Rex Stout is arguably one of the most famous crime writers in the history of United States literature. He is the creator of Nero Wolfe, genius hero of the fictional detective novels.

Rex Stout was born in Noblesville, Indiana in1886 of Quaker parents, who later moved the family of eleven to Kansas. Encouraged to read and study, the author won a state spelling bee championship at the age of thirteen. The old-time social values of his forebears hit Stout hard, and he entered into social activism as early as the 1920’s.

Rex Stout’s sister apparently was heavily influenced by their teacher-father as well. She penned several non-fiction works on the subject of gardening, as well as some social commentaries.

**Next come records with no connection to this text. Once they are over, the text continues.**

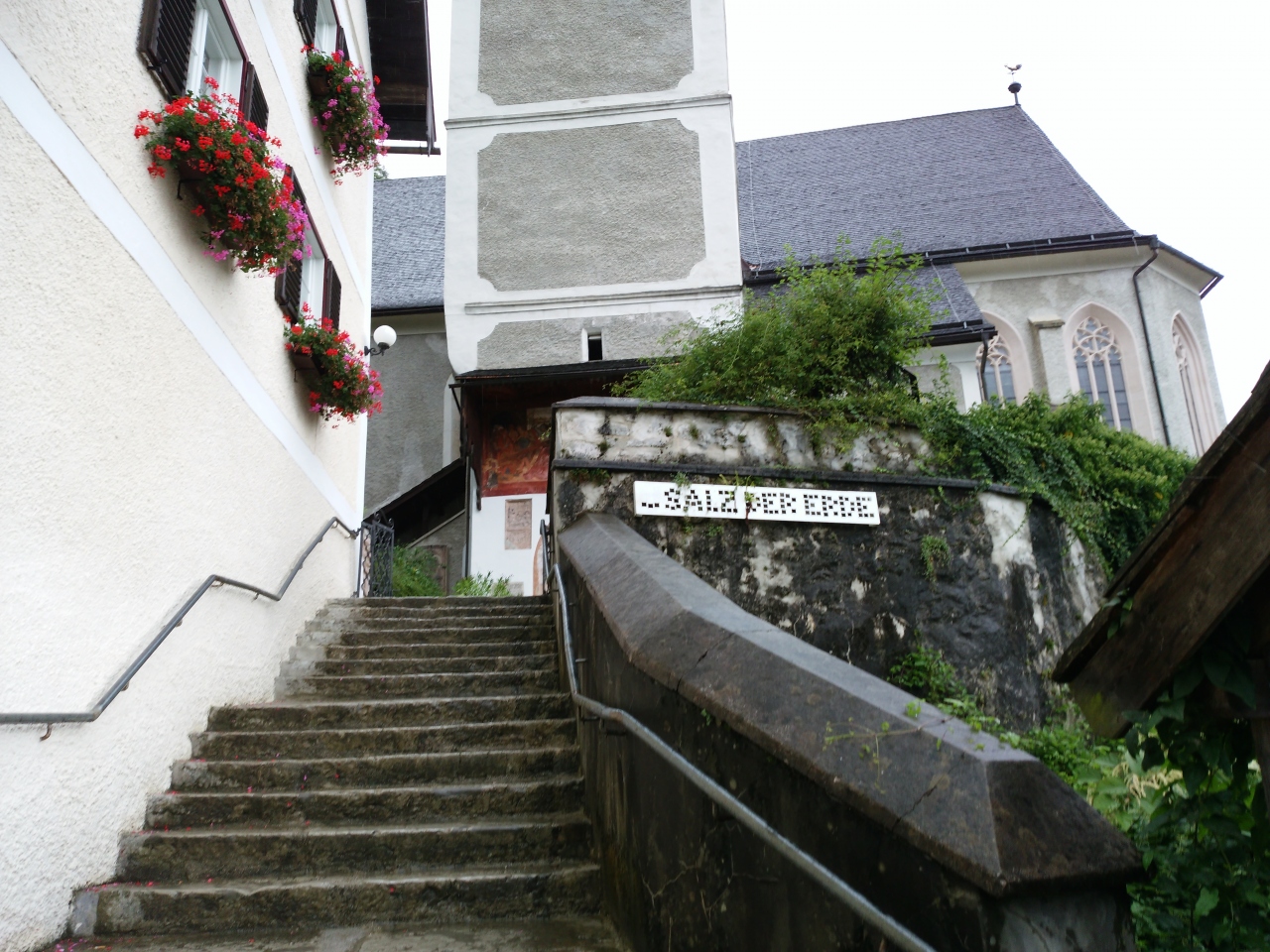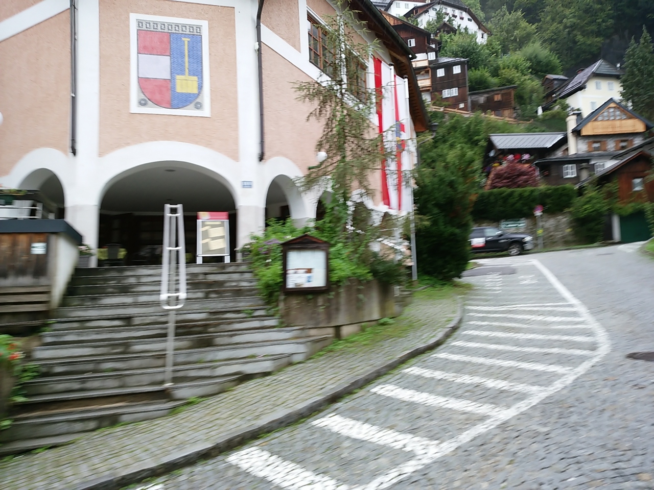 ザルツカンマーグート地方の奥、山麓にあるから天気が心配だったが、ハルシュタットの天気はくもりだった。朝のうちは雨が降ったようで、霧が発生していた。3月の最低気温より暖かかった。通りに雪がまったくなく、散策が楽だった。
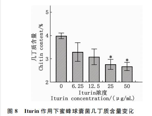 由圖8可知,與對照組相比,Iturin各濃度處理組幾丁質含量分別下降了17.39%、22.58%、30.69%和32.94%,25和50μg/mL Iturin組幾丁質含量顯著低于對照組(P<0.05)。
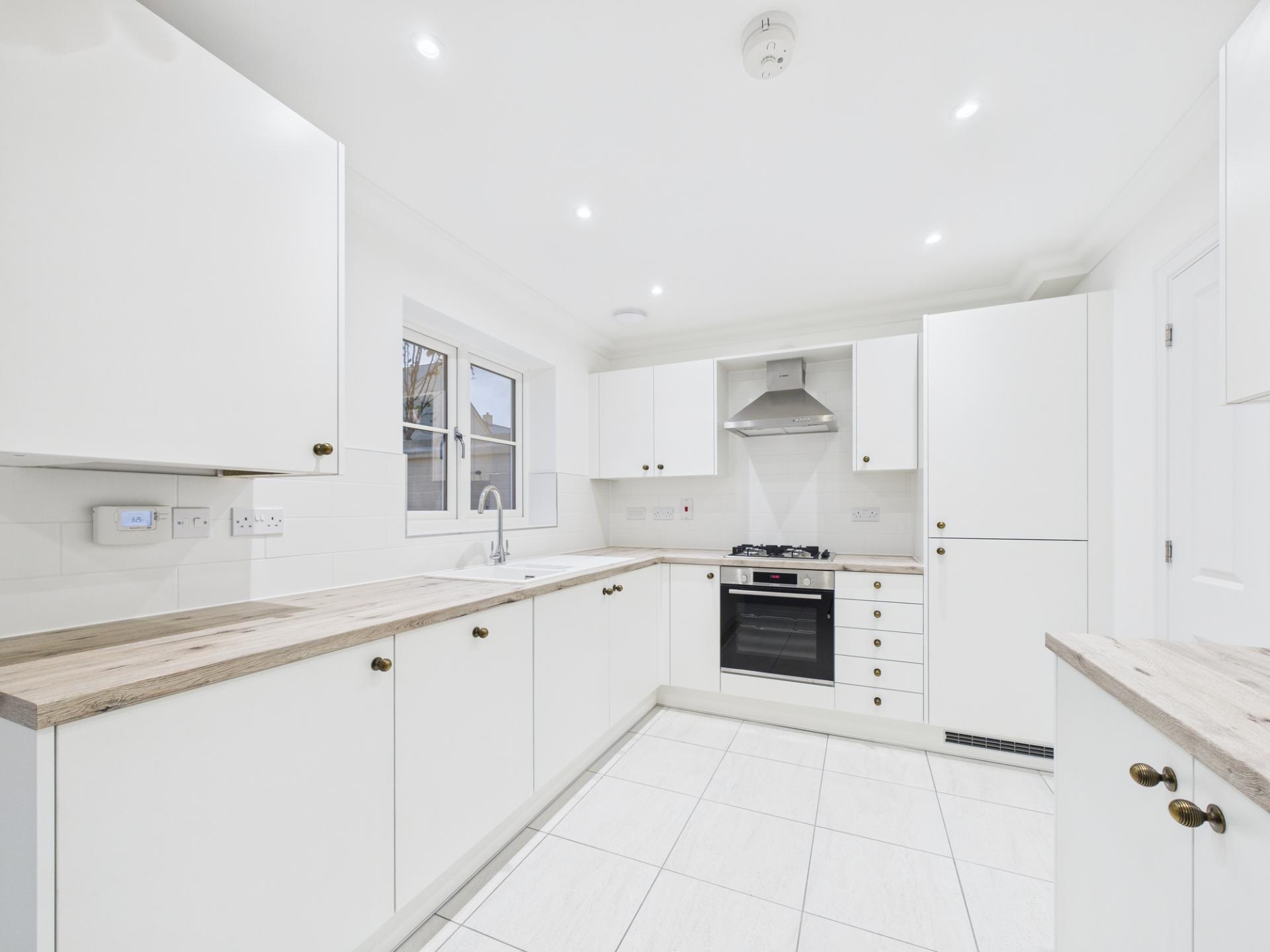 Fitted with a range of wall mounted and base units with work surface over. Integrated electric oven. Four-ring gas hob with cooker extractor over. Integrated fridge/freezer. Integrated dishwasher. Sink and drainer unit. Integrated washing machine. LVT flooring. UPVC window to rear elevation. UPVC French doors to rear elevation leading in to garden.
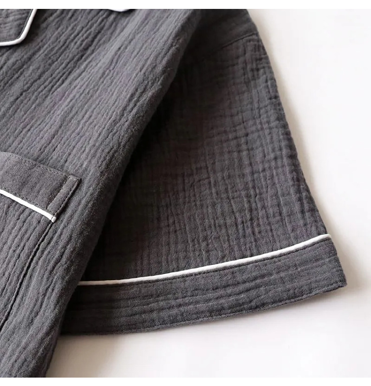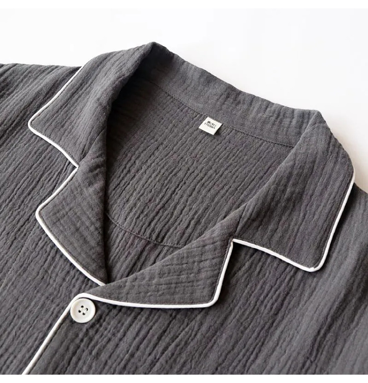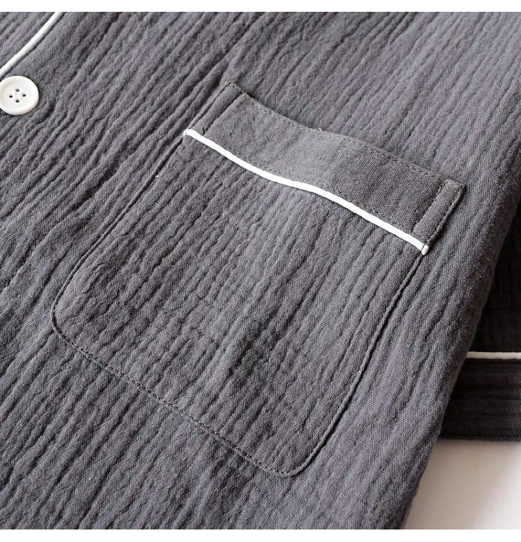 綿 100% ガーゼメンズ純綿パジャマメンズ夏半袖カーディガンカジュアルウェアラブルコットンホーム服男性用
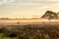 Een mistige zonsopkomst op de Hilversumse heide. De mist en de warme, gouden gloed van de zon maken deze foto erg sfeervol.
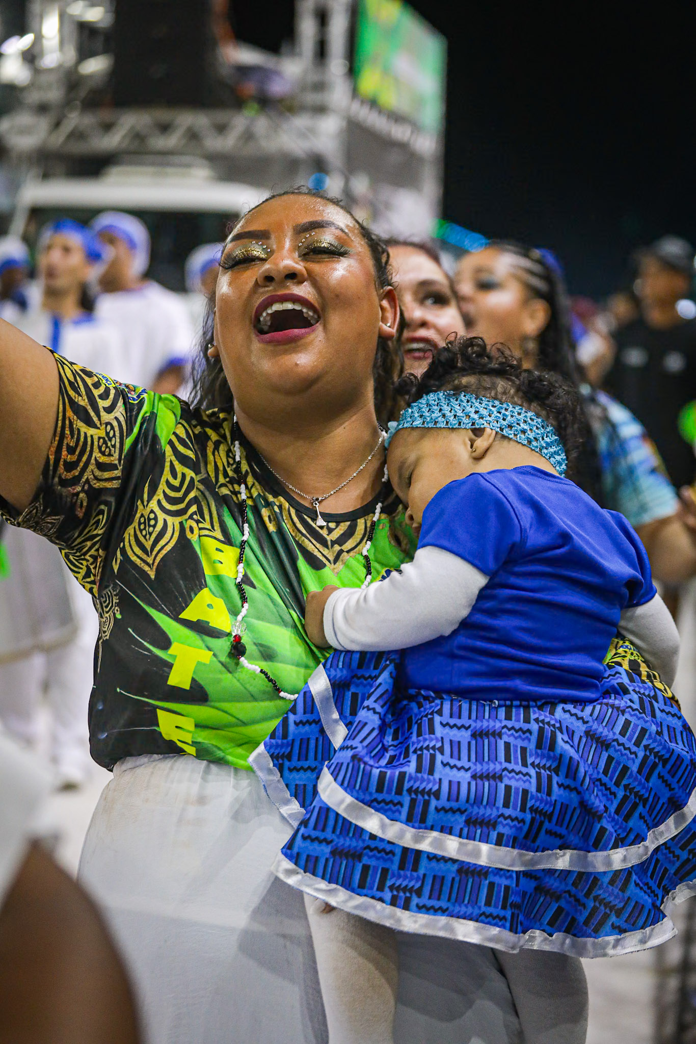 Porto Alegre, RS, Brasil, 28/02/2026: A S.B.R.C. Academia de Samba Unidos da Vila Mapa trouxe para a avenida, neste sábado, 28, o enredo Às Margens da Poesia, no Caminho das Águas: Um Banho de Axé. O desfile apresentou uma narrativa simbólica e sensorial onde a água não é apenas uma personagem, mas a própria linguagem que conduz o espectador por uma jornada de renovação e fé. Foto: Alex Rocha/PMPA
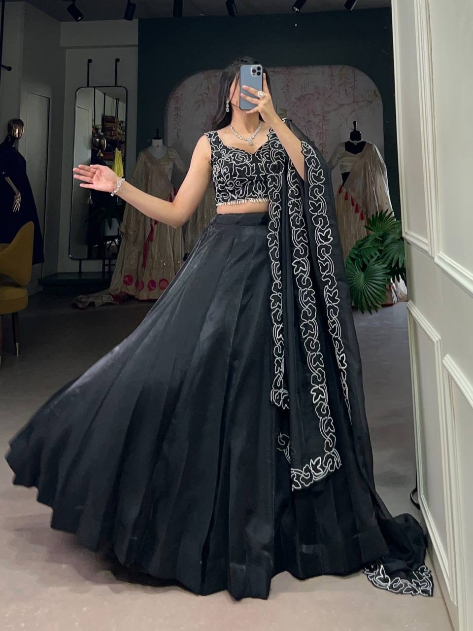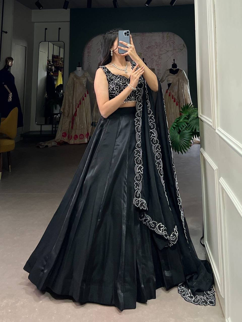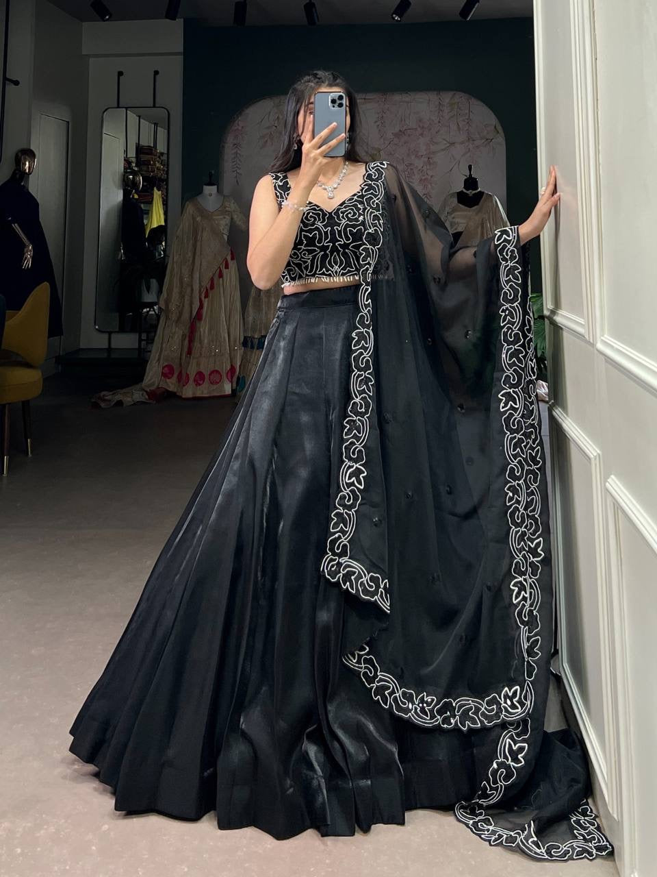 Dupatta Work : Pearl Coding And Sequins Embroidery Work Lace Border With Sequins Butties All Over
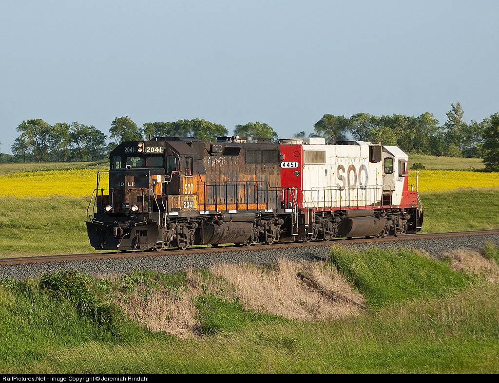 A couple geeps are called on to help the 493, who, for unknown reasons, are stopped just north of Carlos at MP 145. Not far into their trip out of Glenwood, they pass some vibrant fields of yellow. Note the recent removal of the 2041's class lights on the nose.
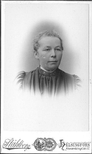 728. Augusta Heikel o.s. Hellman (1). Aika: 1896. Paikka: Helsinki. Kuvaaja: Ståhlberg, Helsinki. |

A video clip of the movie adaptation of “The Doorbell Rang” by Rex Stout, a notable person in Noblesville, Indiana

Until his death in 1975, Rex Stout cranked out at least one Nero Wolfe detective novel per year, but he also wrote other pieces, including poetry, short stories, science fiction and, during World War II, propaganda for the American war effort through a group called “Fight for Freedom.” This famous Noblesville resident also worked on the first American Civil Liberties Union board, the Friends of Democracy group and the Writers War Board, working to support the newly formed United Nations.

Interestingly, Rex Stout‘s liberal leanings eventually attracted keen attention from the FBI under J. Edgar Hoover, who amassed hundreds of pages in the writer’s file. The FBI considered Stout a dangerous enemy and a communist sympathizer, at the very least. Fully one-third of the FBI file on Stout is devoted to his 1965 novel, The Doorbell Rang, which, in the FBI’s words, “presented a highly distorted and most unfavorable picture of the Bureau.”

Rex Stout did a stint as president of Mystery Writers of America, as well as president of the Authors’ Guild. He was invited to participate in many radio and television broadcasts and received dozens of honors for his literary works.